It's interesting that you chose a spring as an example. Since the torsional load on a compression spring is essentially all shear stress, relatively little volume change is expected.
For elastic loading, we want to start with
V^\prime=V(1+\epsilon_1)(1+\epsilon_2)(1+\epsilon_3)
where V^\prime and V are the new and old volumes, respectively, and \epsilon_i (i=1,2,3) are the normal strains. For the small strains we see in a metal, the normalized change in volume can be simplified to
\frac{V^\prime-V}{V}=\epsilon_1+\epsilon_2+\epsilon_3
Continuing, the normal strain at any plane of an isotropic, homogeneous solid is
\epsilon_1=\frac{1}{E}\sigma_1-\frac{\nu}{E}\sigma_2-\frac{\nu}{E}\sigma_3
etc., \nu and E are the Poisson's ratio and Young's elastic modulus, respectively, and \sigma_1, \sigma_2, and \sigma_3 are the normal stresses at any plane. Again, shear stresses aren't included (as modeled in mechanics of materials, shear causes a change in shape, not a change in size).

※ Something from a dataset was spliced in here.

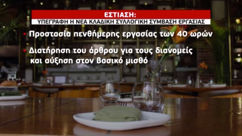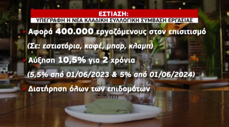 Την υπογραφή νέας κλαδικής συλλογικής σύμβασης εργασίας στην εστίαση, ανακοίνωσε η Πανελλήνια Ομοσπονδία Εργαζομένων στον Επισιτισμό-Τουρισμό (ΠΟΕΕΤ) και σημείωσε ότι η μεγαλύτερη κλαδική συλλογική σύμβαση της χώρας, και αφορά περίπου 400.000 εργαζόμενους.

So the normalized change in volume is
\frac{\Delta V}{V}=\frac{1-2\nu}{E}(\sigma_1+\sigma_2+\sigma_3)
(note the correspondence to the bulk modulus K=E/3(1-2\nu), which is the triaxial pressure needed to achieve unit volumetric compression). Thus, normal stresses will generally cause a normalized volume change in metals of order \sigma/E, as the Poisson's ratio \nu is often near 0.3.
For plastic loading, the volume is usually assumed to be constant, but the problem becomes more complicated here. It sounds like you're interested specifically in elastic loading.